COLLECTED MATERIAL —
——————

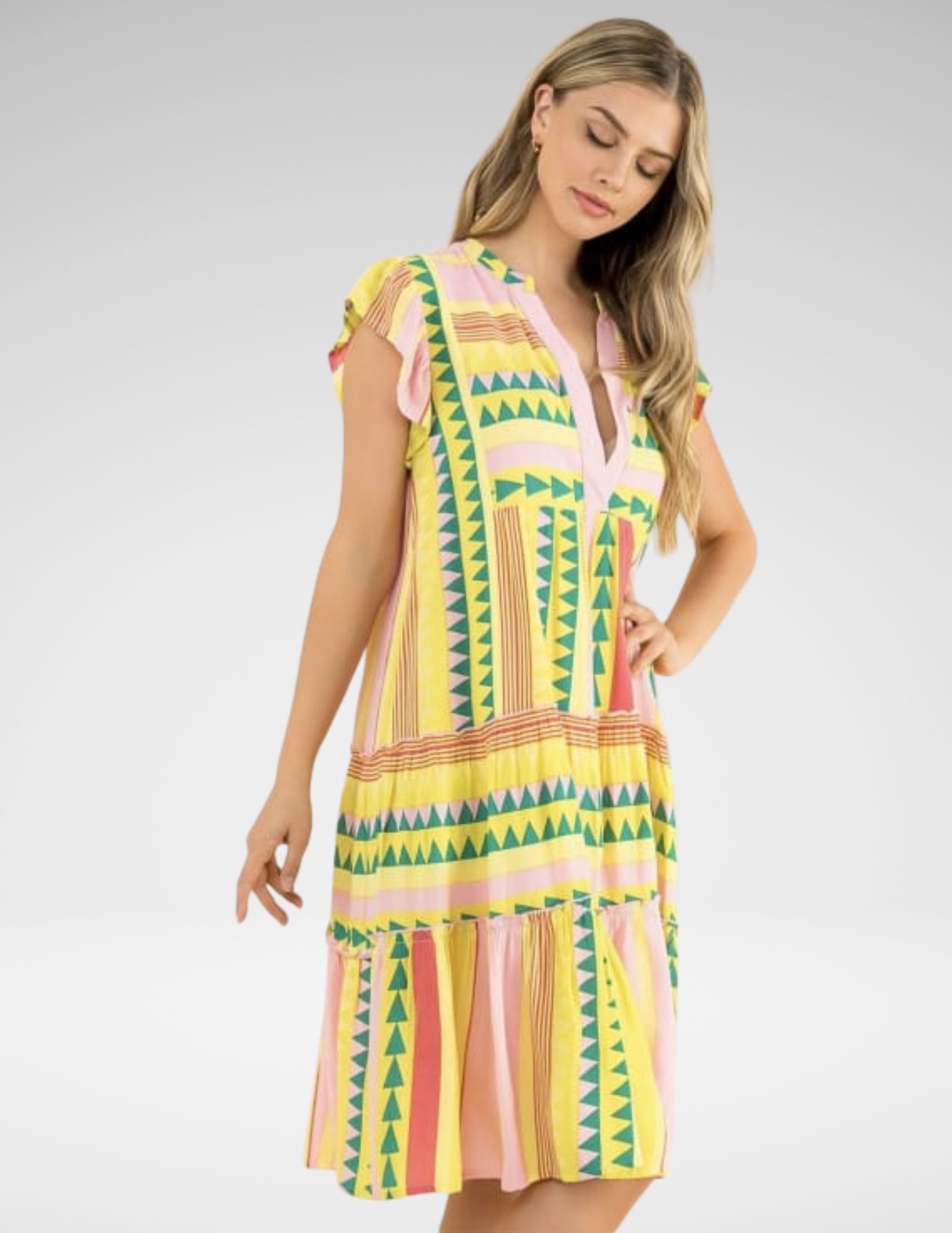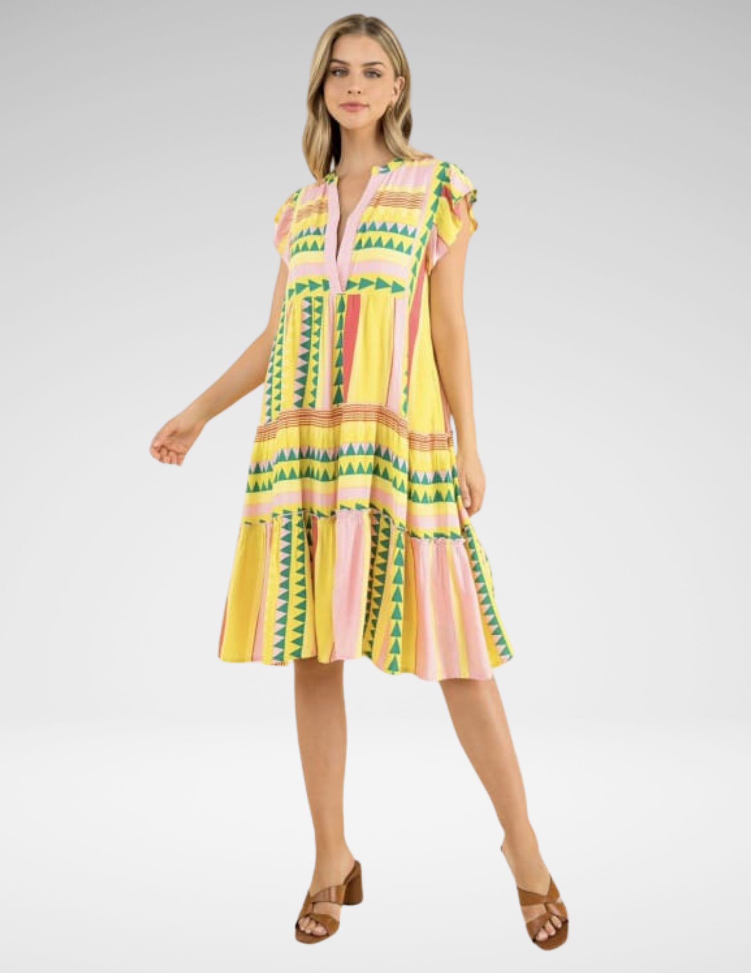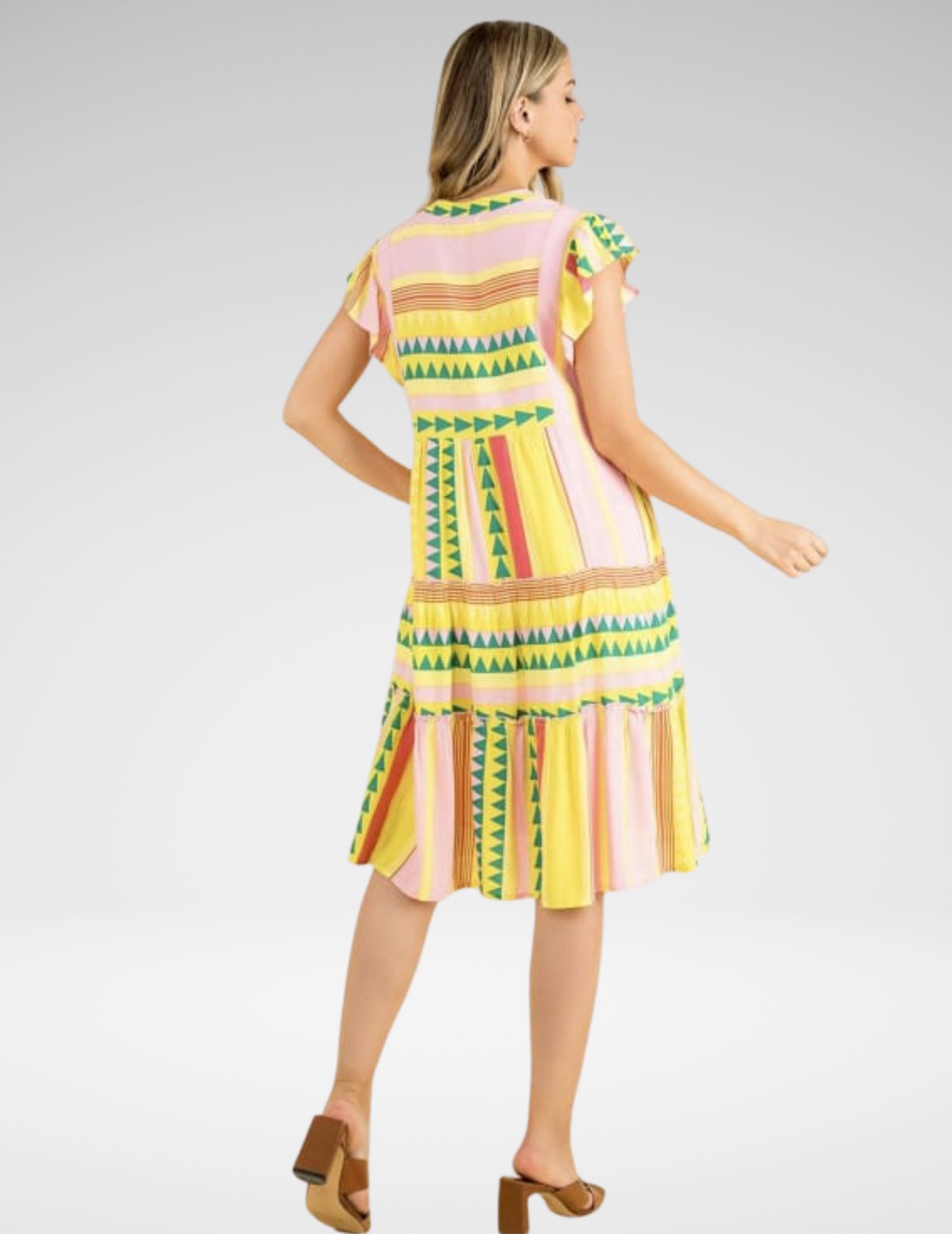 Este vestido midi es una explosión de color y dinamismo, diseñado para quienes buscan una prenda cómoda con una personalidad visual fuerte. Su diseño se basa en una estructura de paneles que favorece la libertad de movimiento y un estilo bohemio contemporáneo.
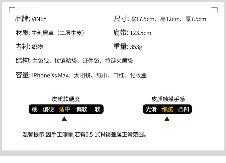 Viney bag women's leather crossbody bag brand western style shoulder mobile phone bag birthday gift high-end gift to girlfriend and wife
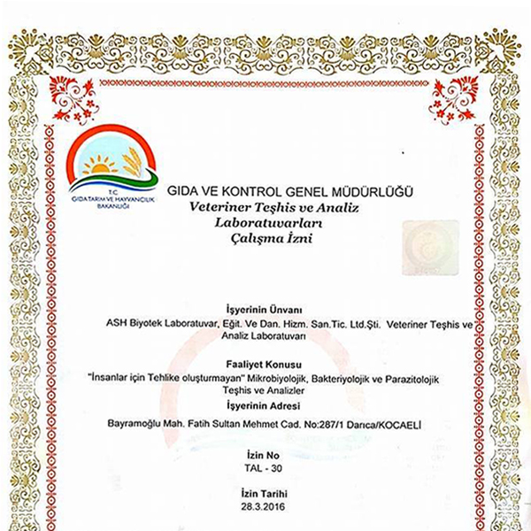 ÖZEL ASH BİYOTEK LABORATUVARI, 28 Mart 2016 tarihinden itibaren,

——————

THE TASK —
Excluding all images, transcribe the material word for word.

SOLUTION —
 Este vestido midi es una explosión de color y dinamismo, diseñado para quienes buscan una prenda cómoda con una personalidad visual fuerte. Su diseño se basa en una estructura de paneles que favorece la libertad de movimiento y un estilo bohemio contemporáneo.
 Viney bag women's leather crossbody bag brand western style shoulder mobile phone bag birthday gift high-end gift to girlfriend and wife
 ÖZEL ASH BİYOTEK LABORATUVARI, 28 Mart 2016 tarihinden itibaren,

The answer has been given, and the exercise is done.